One example of the SMC's dynamicity is that multiple matrices with different element data types (real, complex or pattern) can coexist simultaneously (without needing to recompile the library). Incorporation into the extensive OSKI library will allow flexible addition of new matrix formats without needing to recompile, and the option to tune the matrix datatype for maximum performance. Rich's OSKI library is an amazing piece of work, and I'm glad to have his support on this project.

Shorter-term goals

• Putting header files in their own directory namespace, in order to avoid collisions with other projects' header files, as well as to allow simplifying the names of header files.

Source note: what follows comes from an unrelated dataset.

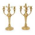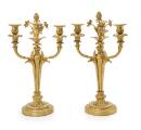 Et par franske kandelabre af forgyldt bronze, hver med tre lysarme. Den ene sign. 'Eug Hazart. Paris' for Eugène Hazart, 1838–1891. 19. årh.s slutning. H. 46. (2)

Thus, we can write

  #include <bebop/util/malloc.h>
  

  rather than

  #include <smvm_malloc.h>
  

  I finished implementing this change on 12 Nov 2007.
• Separating low-level conversion / parsing code from high-level representation (i.e., anything that requires a header file, or struct or enum definitions). This would allow other library authors to use our converters, without requiring them to commit to our structs, enums, or other particulars of our higher-level representations. It would also ease the transition to automatically generated converters and parsers, in the style of the Bernoulli Sparse Compiler Toolkit.

Medium-term ideas

• Rewriting the Harwell-Boeing sparse matrix file parser. I discuss the relevant issues on this page. The parsers for the other supported file formats should also be made more fault-tolerant. I have a prototype in Lisp, but getting it to work in C and be robust and fault-tolerant is nontrivial.
• Integration with OSKI. There are some design differences to work out. We'll start by extracting the low-level kernels (e.g. conversion routines) and work from there to a common higher-level interface.
• Round out the type converters: eventually it should be possible to convert from any type to any other type (allowing for the possibility of going through an intermediate type like CSR).
• Automatic file format detection: It should be pretty easy to guess whether a file is in Matrix Market or Harwell-Boeing format, just from looking at the first line.

Longer-term ideas

• Format conversion reasoning: Construct a graph of the available type conversions, so that if a user specifies any two formats, the library can convert from one to the other by following the appropriate available paths (e.g. BCSR to CSR to JAD). This would be part of a matrix format management system, part of which is already in place in OSKI.
• Out-of-core conversion routines: In most cases, format conversion requires making a copy of the matrix. For large matrices, the resulting memory requirements may be prohibitive. It would be helpful if in those cases, the library could be smart enough to use an out-of-core conversion algorithm. I imagine the user would have to specify a place for temp files, as heavy usage of /tmp can be harmful on some systems, and using NFS-mounted home directories could also be a bad idea. I like this idea with an interactive system better, as the library could notify users if the matrix is too large and ask whether to try an out-of-core algorithm or give up. With the big batch jobs, you might want static control of that situation, because I think the out-of-core algorithms will be slow (basically at disk bandwidth speeds rather than memory bandwidth speeds). But it's still helpful to have a failsafe so that the code won't crash and waste the job.
• Parallel matrix data structures: The BeBOP group wants to move towards applying tuning techniques to distributed matrices as a whole (rather than to the local components only). In that case, we would need robust format conversion routines that could interact with parallel file formats such as HDF. However, I'm not sure what the user demand is for this sort of thing. If users usually generate matrices on-the-fly and don't save them to disk, then it's probably not worthwhile to support complicated parallel formats. Benchmarkers can afford to do simple conversions offline.